A decisão do Conselho Administrativo de Defesa Econômica (Cade) confirmou, sem restrições, a compra da Desktop pela operadora Claro, no valor de R$ 4 bilhões. O aval foi concedido em março de 2024, e a operação tem como foco principal o estado de São Paulo, onde as duas empresas disputam a liderança no segmento de internet fixa.
Detalhes da transação
A compra engloba 73% das ações da Desktop, representando 84 milhões de cotas. O valor total inclui R$ 2,4 bilhões referentes a ativos e R$ 1,6 bilhão de dívida líquida que a Claro assumirá. A participação acionária restante, equivalente a 27%, permanece nas mãos de investidores e será objeto de uma oferta futura da operadora.

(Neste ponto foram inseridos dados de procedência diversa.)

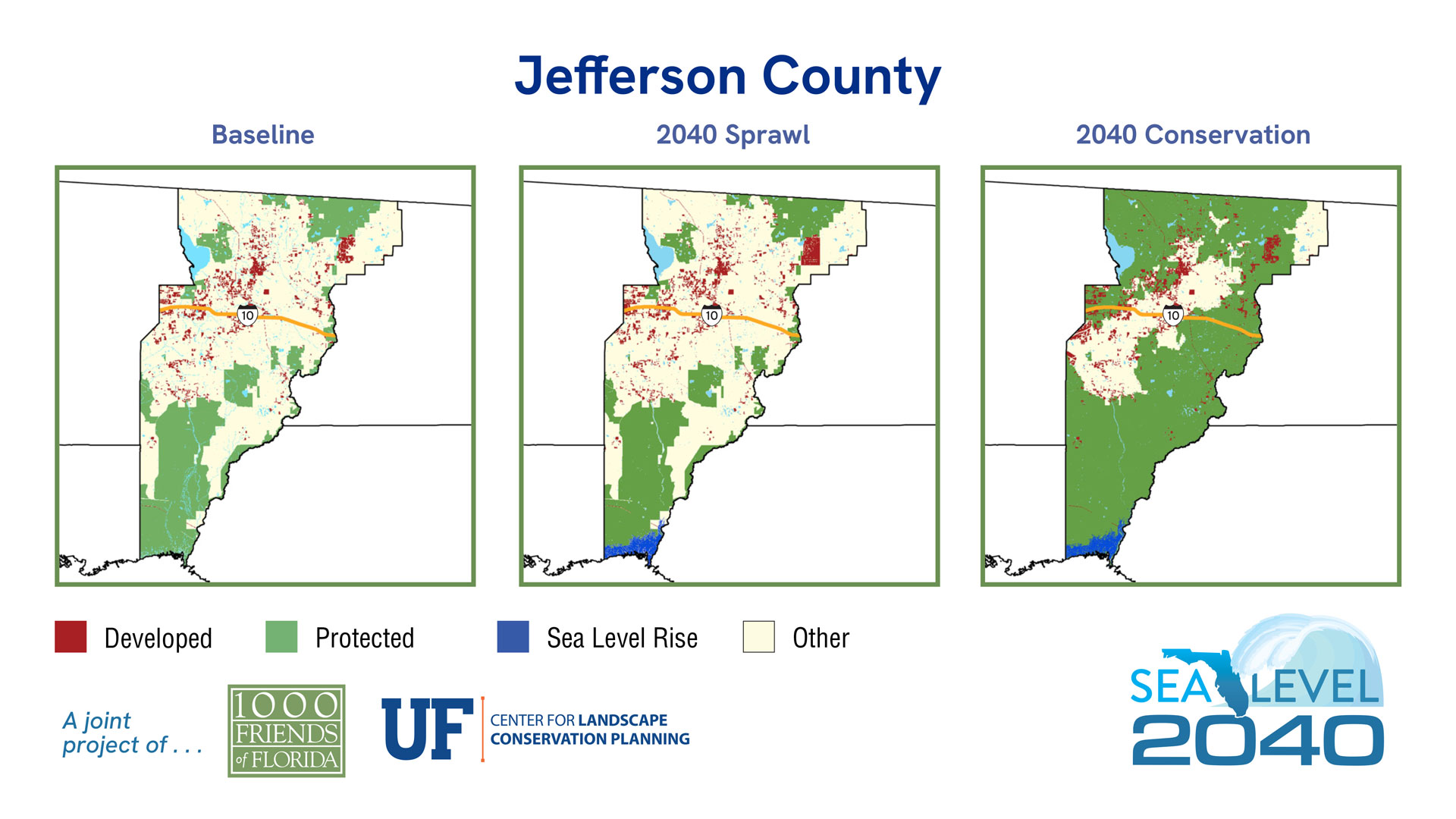 | 2019 | % of Total Acreage | Sprawl 2040 | % of Total Acreage | Conservation 2040 | % of Total Acreage | |

Os acionistas que venderam suas cotas são o fundo Makalu Brasil Partners, controlado pela HIG Capital, e alguns acionistas individuais, entre eles o fundador Denio Alves Lindo. A negociação começou no final de 2025, após a Desktop ter avaliado outras propostas, inclusive da Vivo, que não avançaram por divergências de preço.

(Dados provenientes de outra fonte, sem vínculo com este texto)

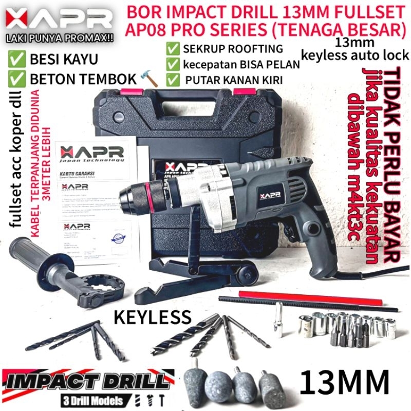 PROMO TERBARU Raja bor impact drill 13mm APR ap08 pro series beton besi kayu sekrup drilling kualitas maktec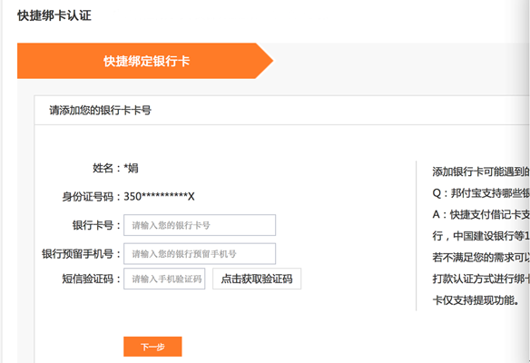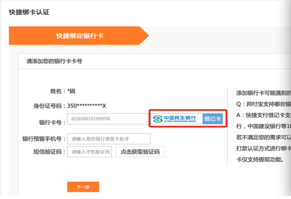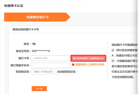 5.4用户输入银行卡号、银行预留手机号和短信验证码后,点击“下一步”。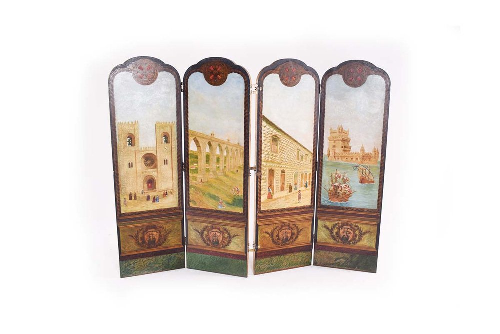 Portuguese Hand Painted Dressing Screen, 1850s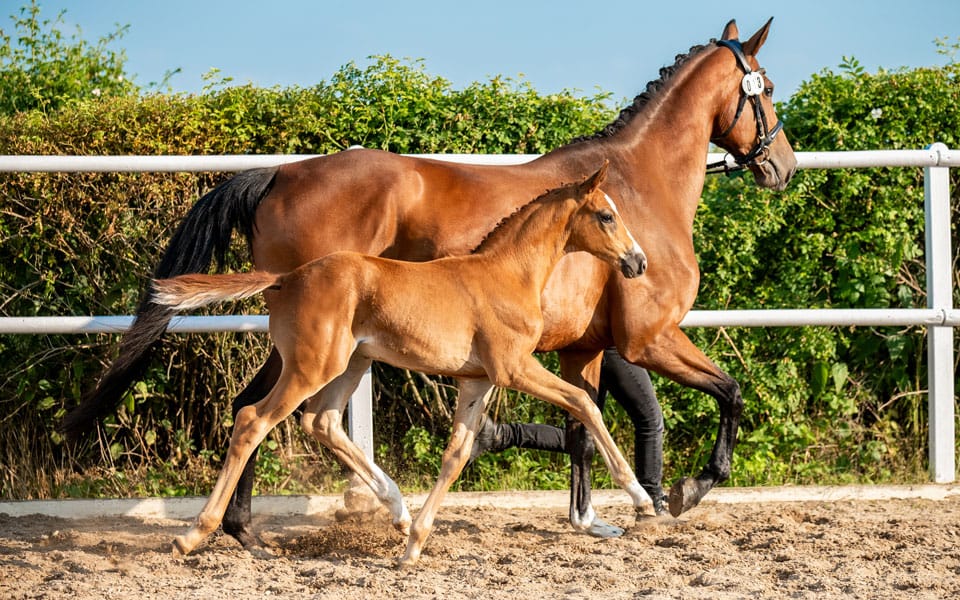 Petra Schöning hatte im Gegensatz zu den Vorjahren diesmal nur ein „heißes Hufeisen“ im Feuer. Und das hat die Erwartungen der Züchterin auch mehr als erfüllt. Ihr dressurbetontes Hengstfohlen Centucky Joe (Cadeau Noir x Totilas) verwies alle anderen Konkurrenten in die Schranken und löste somit das Ticket für Lienen. Damit folgte der kleine Hengst seiner Mutter Thunderstruck, der vor 13 Jahren das gleiche Kunststück gelang.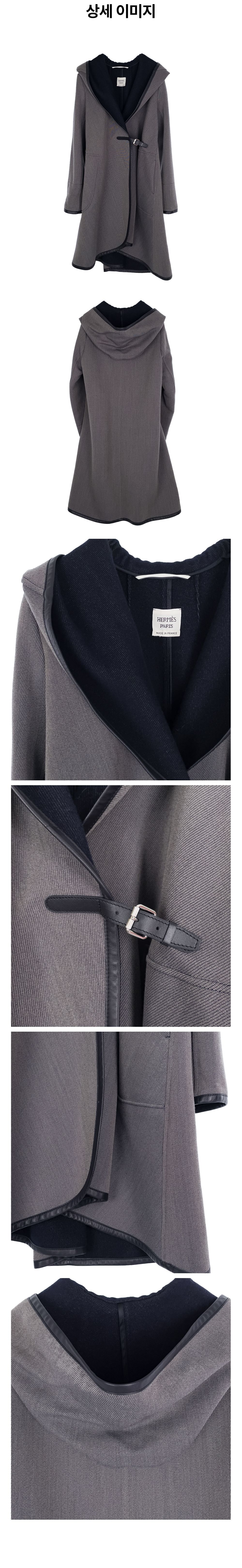 에르메스 레더트리밍 후드 코트 34 그레이/네이비(6HA0222)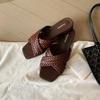 Grape Mother Same Holiday Style Woven Cross Belt Low Heel Cool Slippers Women's Minimalist Style Square Head Versatile Flat Bottom Slippers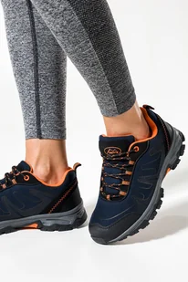 Granatowe buty trekkingowe damskie sznurowane z pomarańczowymi dodatkami softshell Casu B2116-5-39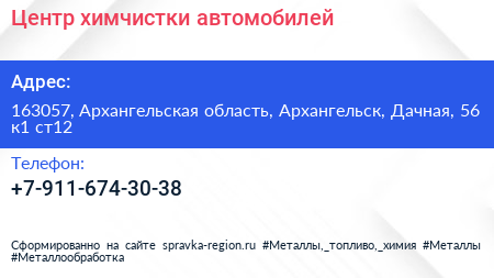 Центр химчистки автомобилей по адресу 163057, Архангельская область, Архангельск, Дачная, 56 к1 ст12 в дальнейшем Организация, размещена в следующих категориях: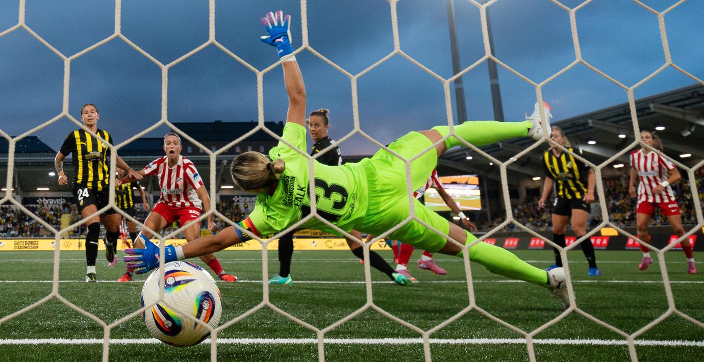 Häckenmålvakten Jennifer Falk rasar efter kvällens förlust mot Atlético Madrid i Champions League-kvalet, rapporterar Fotbollskanalen.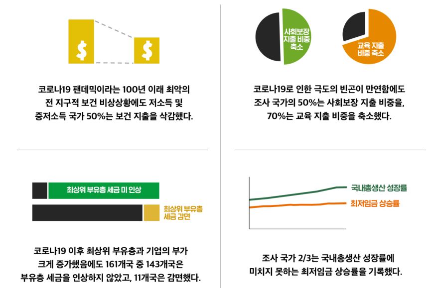 반면 부자의 부는 크게 증식되었습니다. 보고서는 조사 대상국 161개 중 143개국이 코로나 기간 중 최상위 부유층 대상 세율 인상을 하지 않았으며, 11개국은 오히려 최상위 부유층에 대한 감세를 시행했다고 꼬집었습니다. 부유층을 대상으로 세금을 인상한 국가는 7개국에 불과했습니다.

Impactos no mercado de banda larga
Com a aquisição, a Claro amplia significativamente sua presença em 198 municípios paulistas onde já existia sobreposição de atuação. Em algumas dessas cidades, a soma das participações das duas empresas pode alcançar níveis elevados, mas o Cade considerou que a concorrência permanecerá saudável.
O órgão destacou que a presença de outras operadoras nacionais e de provedores regionais garante a continuidade da disputa por clientes. Além disso, foram apontadas redes alternativas e a possibilidade de entrada de novos concorrentes nos mercados afetados.
Um dos incentivos econômicos previstos no acordo é a desativação gradual de infraestruturas redundantes, evitando custos desnecessários e otimizando a eficiência da rede integrada.
Reações de reguladores e perspectivas futuras
A Anatel, que já havia concedido anuência prévia ao negócio, também analisou a operação. Em 2025, a agência havia sinalizado preocupações sobre possíveis efeitos negativos na concorrência, mas a aprovação final foi mantida após a revisão dos termos.
Especialistas do setor apontam que a consolidação pode trazer benefícios aos consumidores, como investimentos em tecnologia e ampliação de cobertura, embora haja temores de concentração excessiva em áreas estratégicas.
Para a Claro, a compra representa um passo importante na estratégia de diversificação de serviços, reforçando seu portfólio de fibra óptica e preparando o terreno para novos produtos digitais.
- Valor total da operação: R$ 4 bilhões
- Participação adquirida: 73% da Desktop
- Ativos incluídos: R$ 2,4 bilhões
- Dívida assumida: R$ 1,6 bilhão
- Municípios com sobreposição: 198 em São Paulo
O futuro da Desktop, agora sob controle majoritário da Claro, dependerá da integração das redes e da capacidade de oferecer serviços diferenciados em um mercado competitivo. A expectativa é que a combinação das infraestruturas gere sinergias que reduzam custos operacionais e melhorem a qualidade da conexão para os usuários finais.
Observadores do mercado recomendam que os consumidores acompanhem as mudanças nos planos e nas ofertas, pois a nova estrutura pode trazer promoções e pacotes mais atrativos. Ao mesmo tempo, é importante monitorar eventuais impactos regulatórios que possam surgir em decorrência da concentração de ativos.
Em resumo, a aprovação do Cade sinaliza que a operação está alinhada com as normas de concorrência e que o ambiente regulatório brasileiro está aberto a consolidações que tragam ganhos de eficiência, desde que preservem a competição saudável.